When she had fallen to her knees before the ruination of her carven image, before the decimated armored bodies of her armies who had waited eons for her return, she had felt darkness, despair, the pain of loss that she associated only with humans and their dim animal responses to the accident of self-awareness. She had known then that her essence was tainted, forever changed by this human vessel she occupied. She had known then that she could hurt, that she could feel the same primitive emotion as these creatures. Even Dawn has not been spared this fate.
So be it, then.
She opens her arms in invitation to the girl, like the Madonna statues she has seen carved everywhere throughout this city, and the image, Goddess-like in its essence, pleases her.
Lightning and thunder split the night in time with ancient words hurled at the sky, blood flowing like the rain that will never come, and at the end of it all, the body of the former Goddess lies still and cold.

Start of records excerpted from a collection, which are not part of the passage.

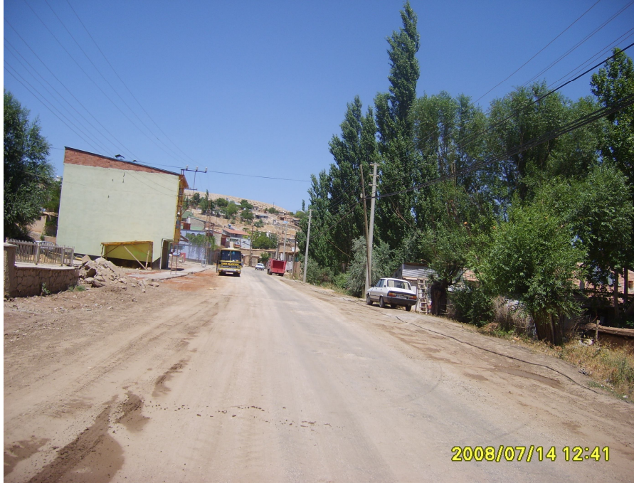
(Tanır Kasabası'ndan Genel Bir Görünüş)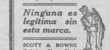
Ninguna es legítima sin esta marca.

Estos achaques no se curan con remedios "cáralo todo," sino con alimentos que fortifiquen el cuerpo y regeneren la sangre, y la Emulsión de Scott es el alimento más concentrado que existe y el regenerador de la sangre por excelencia.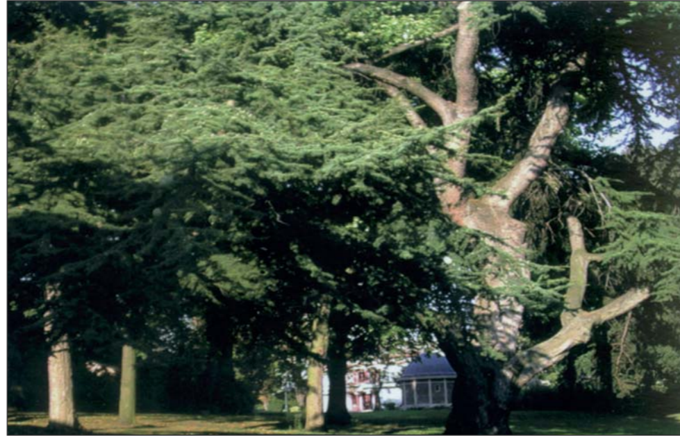
● ظلال الأرز في باريس

العاصمة الفرنسية، تاكسيات العاصمة وسيارات الاجرة وكل وسائل الخدمة العامة والشخصية، والمواقع الإلكترونية حول لبنان.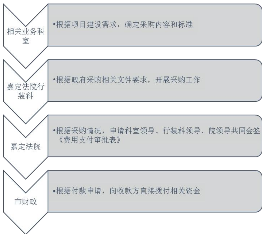
图 1-2 非政府采购类资金拨付流程图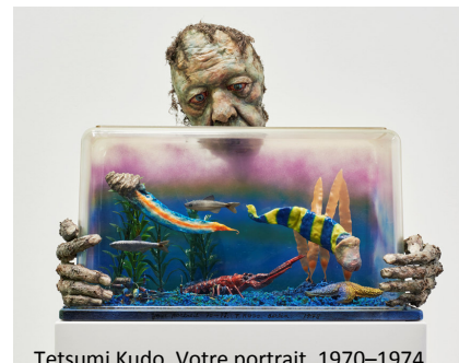
Tetsumi Kudo, Votre portrait, 1970–1974 © The Estate of Tetsumi Kudo / VG Bild-Kunst, Bonn 2016

Pro SchülerIn wird ein Unkostenbeitrag von 2€ erhoben.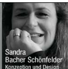
Sandra Bacher Schönfelder Konzeption und Design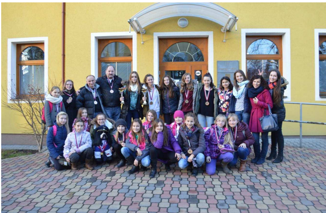
Uvítanie u primátora po získaní víťazstva OX DOG florbal základných škôl

V OX DOG florbal základných škôl sa víťazom krajského kola stali žiačky 8. - 9. tried ZŠ, Janka Palu a v kat. žiačok 5. – 7. tried rovnako ZŠ, Janka Palu. Oba výbery postúpili na celoslovenské kolo do Košíc 9. - 11. decembra 2015.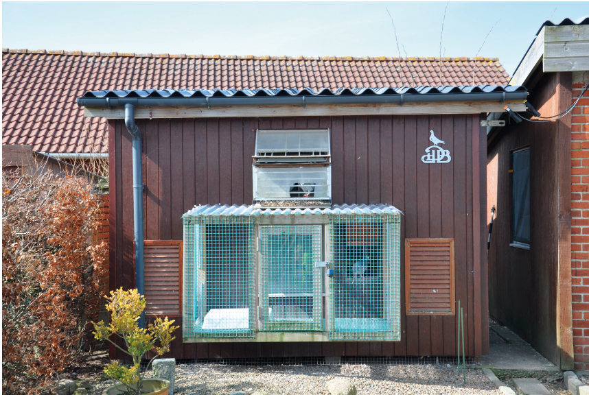
Flyveslaget med plads til 16 par duer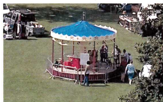
le fameux manège exposé le jour de la fête

Depuis plusieurs semaines, les allemansois ont pu voir des caméras à l'école, à l'église et dans le parc du manoir. En fait, rien de plus normal puisqu'un manège construit par des habitants de la commune dans les années 60 (en 1967 pour être précis) est au coeur du sujet. Le fameux manège était exposé le 24 juin . Le tournage s'est terminé dimanche 1 juillet dans le parc.

Less than a day has passed beneath the eternally black skies, and in the center of the city, she surveys the ruins of the building with something like true joy. She feels whole, complete for the first time since she'd been born into this world. Power that she'd barely remembered sings in her veins like the stars glitter and flash in the sky, filling her. The bodies of lawyers and policemen litter the ground, surrounding her like broken and bloodied porcelain dolls, and her hands are slick with the blood of their organs.
The wolf, ram and hart rule no more.
And in the crumbling halls of their once great building, a slender teenaged girl who was called Dawn once when the world still made some kind of sense, pushes back her matted blue hair, and smiles.